GenomeSpace Recipe: Identify and validate a consensus signature using gene expression data

Identify and validate a consensus signature using gene expression data

Added by GenomeSpaceTeam on 2015.04.22 Official logo
Last updated on over 3 years ago.

microarray differential gene expression hierarchical clustering

Summary

Do phenotypically different expression datasets share a common signature? Can the signature distinguish phenotypes in an independent dataset?

This recipe provides one method for identifying a consensus gene signature from a training set of several phenotypically distinct gene expression dataset. The recipe then validates the ability of the consensus signature to accurately distinguish phenotypes by using an independent test gene expression dataset. An example use case of this recipe is when an investigator may want to develop a gene expression signature to predict a specific phenotype, such as cancer or another disease.

Background information: What is a consensus gene expression signature?

A gene expression signature is the pattern of expression in a specific group of genes, usually ones that are related by function, position or other biological process. A consensus gene signature is an expression pattern for a specific group of genes, which is shared among different samples or across different phenotypes. For example, a group of genes regulating immune response could be similarly up-regulated during many different, unrelated infections. There are several types of consensus signatures; those that can be derived from gene expression data are called transcriptional consensus signatures. Consensus signatures can be created by overlapping individual gene signatures derived from multiple datasets. Compared to individual gene expression signatures, consensus signatures may be more accurate at distinguishing different phenotypes, such as diseased vs. normal samples.

Use case: Targeting MYCN in Neuroblastoma by BET Bromodomain Inhibition (Puissant et al. , Cancer Discov. 2013).

This study analyzed gene expression data generated from primary neuroblastoma tumors of two genetic classes: tumors harboring MYCN amplification (“MYCN amplified”) and tumors without MYCN amplification (“MYCN non-amplified”). MYCN amplified neuroblastoma is exquisitely dependent on the bromodomain and extra-terminal (BET) family of proteins. As such, treatment of MYCN amplified cell lines or tumors with JQ1, a small-molecule inhibitor of BET proteins, leads to dramatic transcriptional changes and induces cell death.

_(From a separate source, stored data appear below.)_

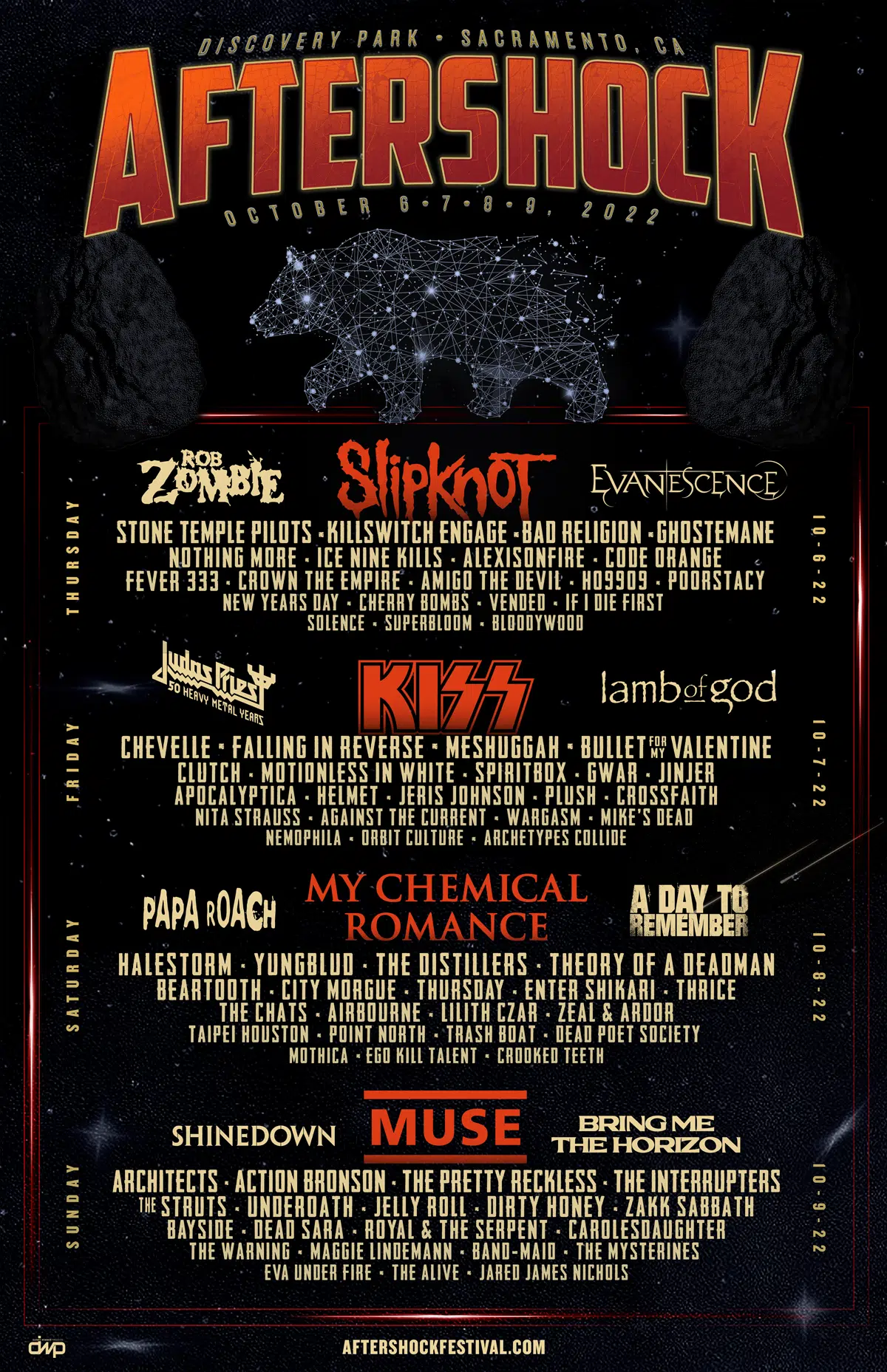Aftershock runs from October 6th through October 9th at Discovery Park in Sacramento. The festival will also feature many top-billing acts such as Slipknot, My Chemical Romance, KISS, Shinedown, Bring Me The Horizon, Rob Zombie, and so much more.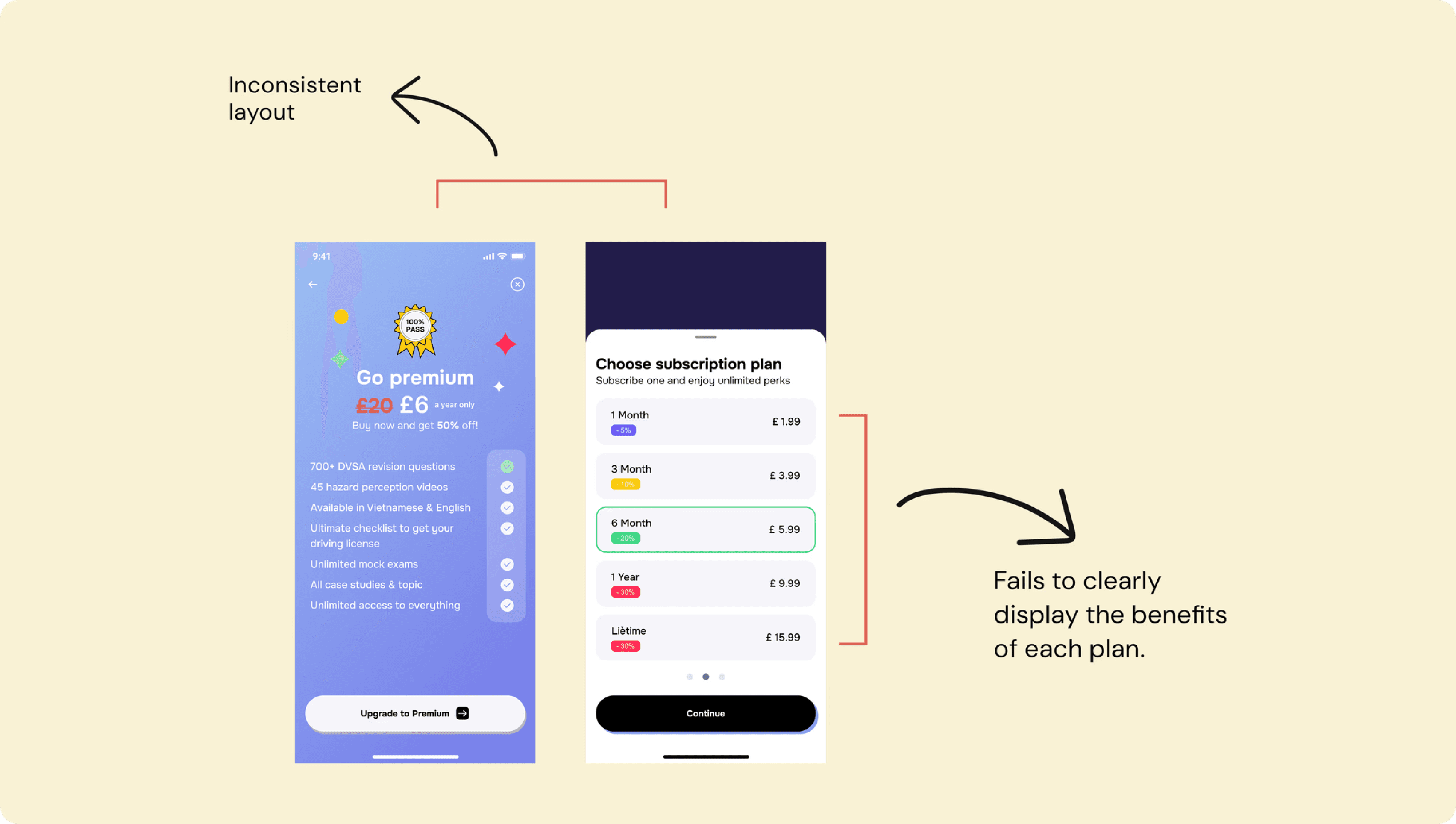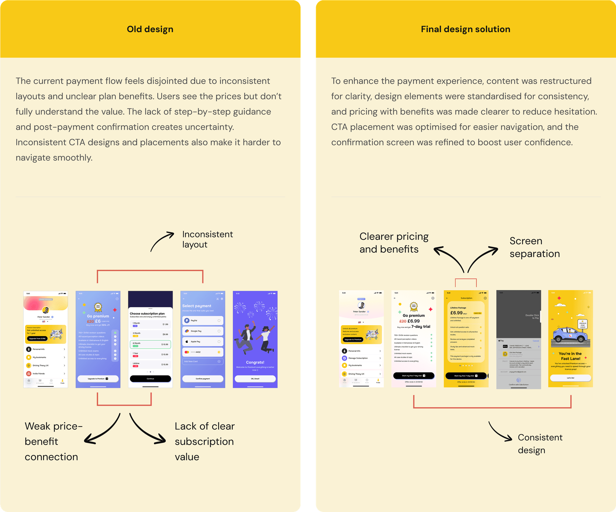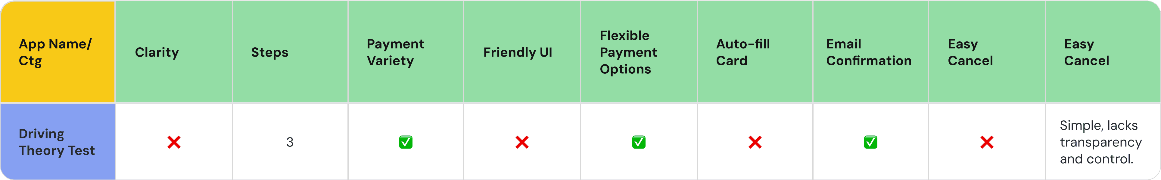 After reviewing the current flow, I analysed top competitors across driving theory, subscription, and edtech apps to identify best practices. This revealed key gaps in clarity, trust, and control, helping refine our positioning and improve the overall payment experience.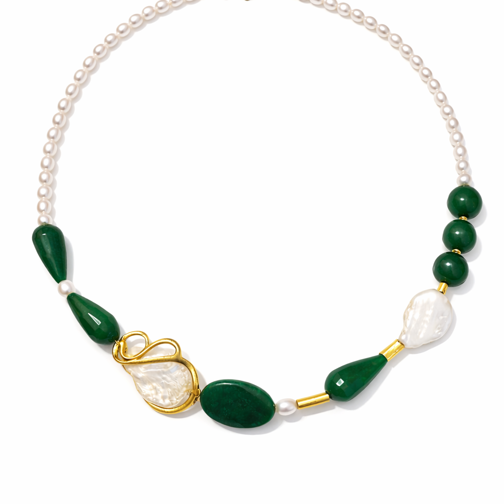 Χειροποίητο κολιέ από Ασήμι 925  με πέτρες πράσινου αχάτη, φυσικά μαργαριτάρια και επιχρυσωμένες λεπτομέρειες. Οργανική υφή και γλυπτική ισορροπία.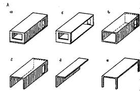 а - по количеству и виду ограждающих конструкций.- а - замкнутый; б — открытый с одной стороны: в — открытый с двух противоположных сторон; г — открытый с двух противоположных вертикальных сторон и одной горизонтальной; д — двухгранный угол; е — столик; Б — по форме: а -прямоугольные: б — косоугольные; в, г — криволинейные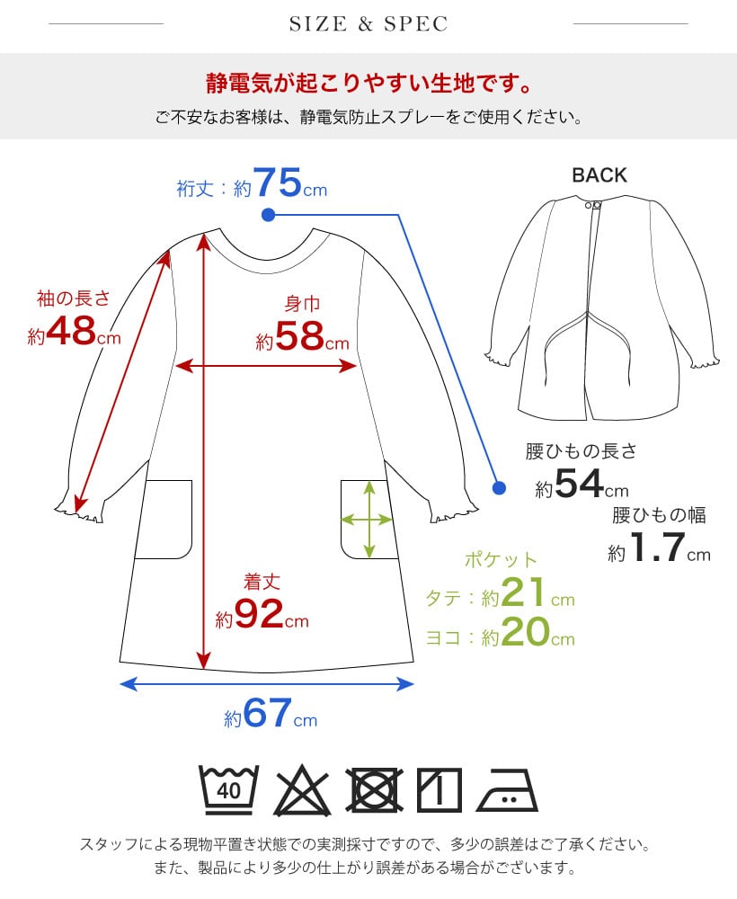 ●静電気が起こりやすい生地を使用しています。ご不安な方は、静電気防止スプレーの併用をお勧めいたします。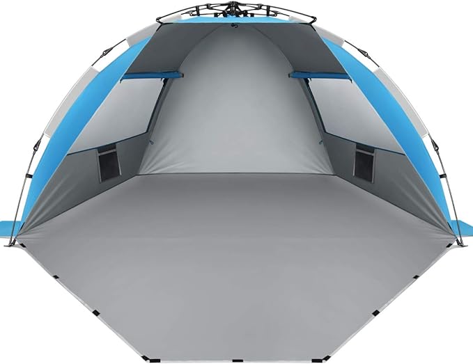 Oileus X-Large 4 Person Beach Tent Sun Shelter - Portable Sun Shade Instant Tent for Beach with Carrying Bag, Stakes, 6 Sand Pockets, Anti UV for Fishing Hiking Camping, Waterproof Windproof, Blue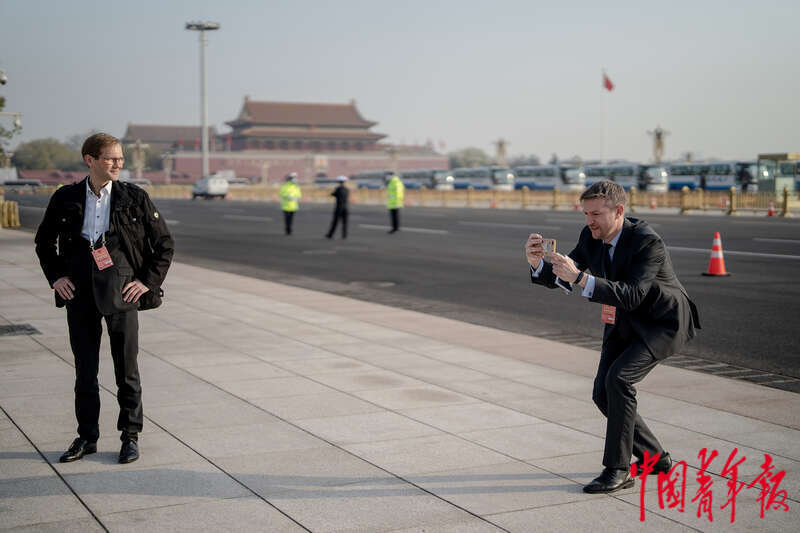 3月10日上午,北京,乌克兰驻华使节(右)和德国驻华使节在人民大会堂外拍照。中青报·中青网记者 李隽辉/摄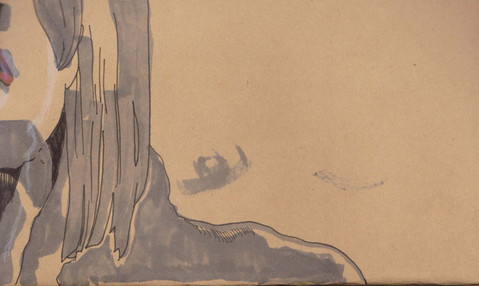 Watercolours and white ink, June-July 2011, 18x28 cmLuise and Elke on a winter stroll along the Stadtkanal in Potsdam, featuring the once famous garrison church. This photo served as my initial inspiration and reference.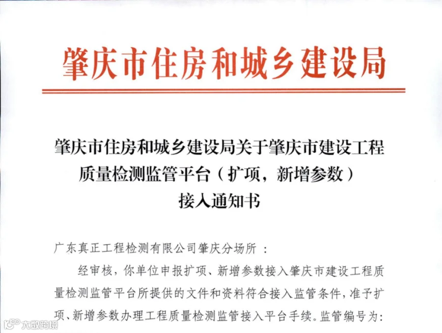 近日,广东真正工程检测有限公司肇庆分场所顺利取得肇庆市住房和城乡建设局核发的肇庆市建设工程质量检测监管平台(扩项,新增参数)接入通知书,正式获批接入市级官方检测监管平台,标志着公司检测资质、技术实力、服务能力再获住建主管部门权威认可,业务布局与合规运营迈上新台阶!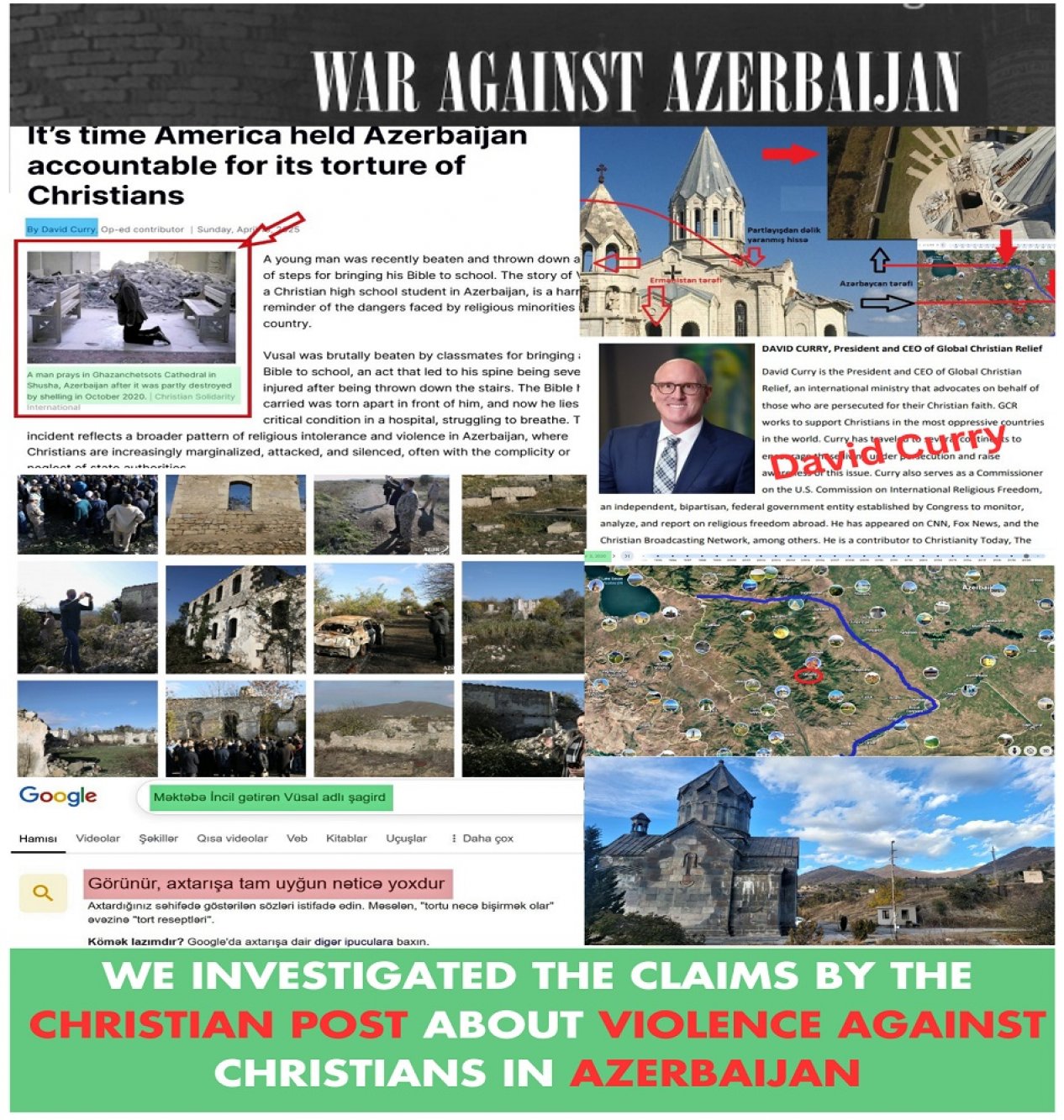 It becomes clear that the information presented in the article written by David Curry in The Christian Post is not based on his own research and analysis, but rather relies on sources close to the Armenian lobby, such as Caucasus Heritage Watch and Freedom House, as well as ‘evidence’ from Horizonweekly and Sputnik Armenia.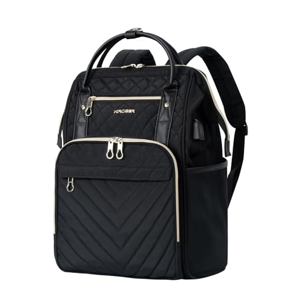 KROSER Laptop Backpack 17″ Stylish Backpack Water Repellent College Casual Daypack with USB Port Travel Business Work Bag for Men/Women-Quilted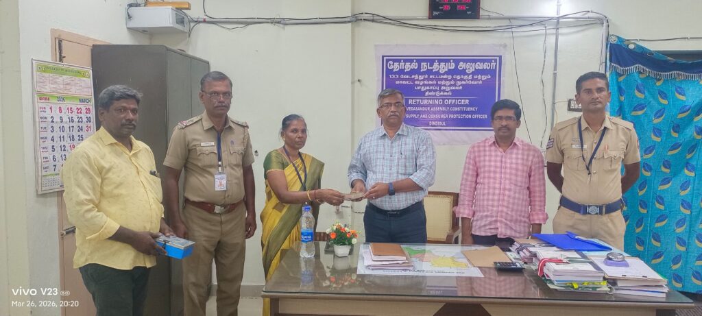 திண்டுக்கல் மாவட்டம் வேடசந்தூர் – அழகாபுரி சாலையில் வெரியம்பட்டி அருகே பறக்கும் படை அலுவலர் கருப்பாயி தலைமையிலான குழுவினர் வாகன சோதனையில் ஈடுபட்டுக் கொண்டிருந்தனர்.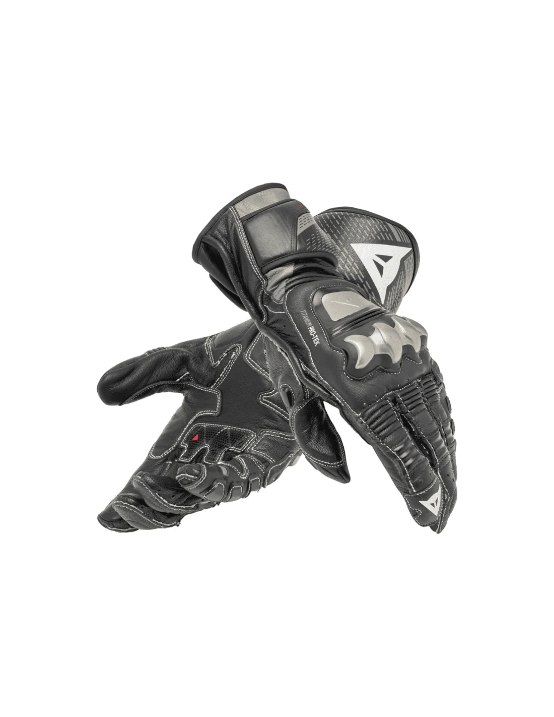 Full Metal 6 ist das höchste Niveau an Technologie und Erfahrung, DAINESE im Wettbewerb auf einen Handschuh angewendet wird, um dem Fahrer das beste Niveau in Bezug auf Sicherheit und Komfort während der Fahrt zu bieten. Hergestellt aus Ziegenhaut mit Verstärkung in der Handfläche, integrieren sie Aramidefaser-Nähte für mehr Haltbarkeit. Sie bieten technische Lösungen an, die sich aus der Untersuchung der Ergonomie und der Untersuchung der kritischsten Punkte im Falle eines Sturzes ergeben. Sie integrieren strategisch gelegene neue elastische Einfügungen und verfügen über neue Carbonfasereinfügungen und Verstärkungen im Faustbereich.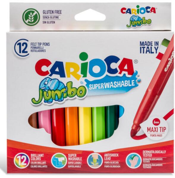 Jumbo filctollszett 12db - Carioca Hivatalos magyarországi forgalmazótól. Leírás: Használj igazán élénk színeket alkotásaid elkészítésekor! A különleges Jumbo filctollak a kicsik számára is könnyen megmarkolhatóak, így élvezetes rajzolást nyújt számukra is a készlet. A vastag vonalakhoz és a színezéshez tökéletes filcek remek szórakozást biztosítanak, valamint a k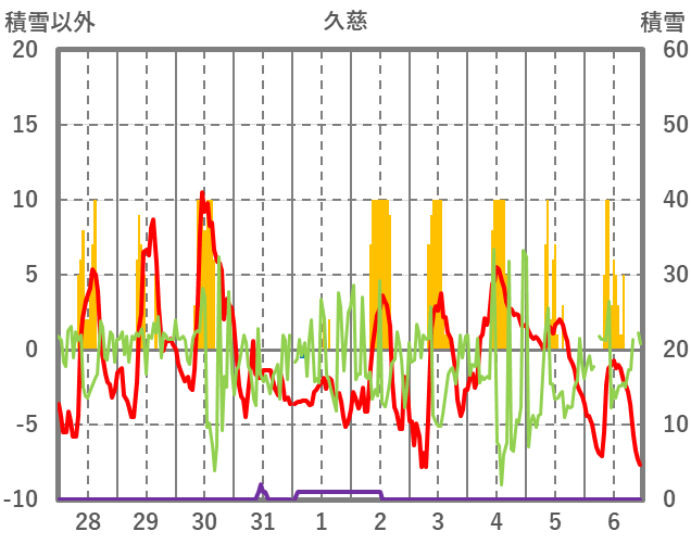 | 日 | 時 | 気温 | 降水 | 風向/風速 | 日照 | 積雪 | 降雪 |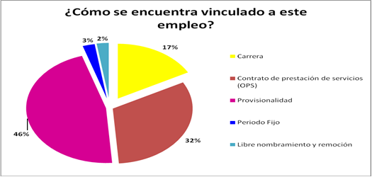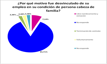 Teniendo en cuenta el anterior enunciado, se tiene que al indagar con los encuestados sobre los motivos por los cuales fueron desvinculados en caso de serlo, estos manifestaron, en su mayoría que tal desvinculación obedeció al tipo de convenio con la entidad, es decir, que los empleados que fueron vinculados bajo la figura del libre nombramiento y remoción, fueron quienes presentaron mayor tendencia a la desvinculación, así, como se aprecia en el Gráfico X.

To identify a consensus signature to predict sensitivity to JQ1 treatment, two training datasets and one test dataset were used. The training dataset included acute myeloid leukemia (AML) and a multiple myeloid leukemia (MM) cell lines, which had been treated with either DMSO (control) or with JQ1 (treatment). The test dataset included MYCN amplified and MYCN nonamplified neuroblastoma primary tumor samples. GenePattern was used to analyze the AML and MM cell lines; for each dataset, a gene expression signature was derived to identify JQ1 response in the cell line. Using Galaxy, the two signatures were then overlapped to determine the consensus signature between the two phenotypes.

GenePattern was used to validate the ability of this JQ1-associated consensus signature to differentiate between phenotypes, by using the signature to hierarchically cluster the test dataset (neuroblastoma). Since the MYCN amplified and MYCN non-amplified neuroblastoma samples should have differing expression profiles, it was hypothesized that the consensus signature would be able to separate the samples by phenotype. Indeed, the consensus signature was able to cluster the MYCN-amplified and MYCN-nonamplified samples separately, revealing that the consensus signature accurately distinguishes the sensitivity-to-JQ1 phenotype.

Inputs

To complete this recipe, we will need several gene expression datasets:

Public > RecipeData > ExpressionData > GSE29799_AML: a JQ1-treated acute myeloid leukemia (AML) expression dataset (6 samples)
Public > RecipeData > ExpressionData > GSE31365_MM: a JQ1-treated multiple myeloma (MM) expression dataset (12 samples)
Public > RecipeData > ExpressionData > GSE12460_NB: a neuroblastoma (NB) expression dataset which has MCYN-amplified and MYCN-nonamplified samples (64 samples)

Outputs

Recipe steps

GenePattern

Identifying differentially expressed genes in the JQ1-treated datasets

Galaxy

Loading data into Galaxy
Identifying a consensus gene signature by comparing the AML and MM datasets

GenePattern

Processing the neuroblastoma dataset
Projecting the consensus gene list onto the neuroblastoma dataset
Validating the consensus signature using clustering

Expand All Steps

Collapse All Steps

1: Identifying differentially expressed genes in the JQ1-treated datasets

We will use the ComparativeMarkerSelection module to identify genes which are differentially expressed and can distinguish between two phenotypes (e.g. normal vs. JQ1-treated), separately for the acute myeloid leukemia (AML) and multiple myeloma (MM) datasets. This module uses the GCT file and the CLS file.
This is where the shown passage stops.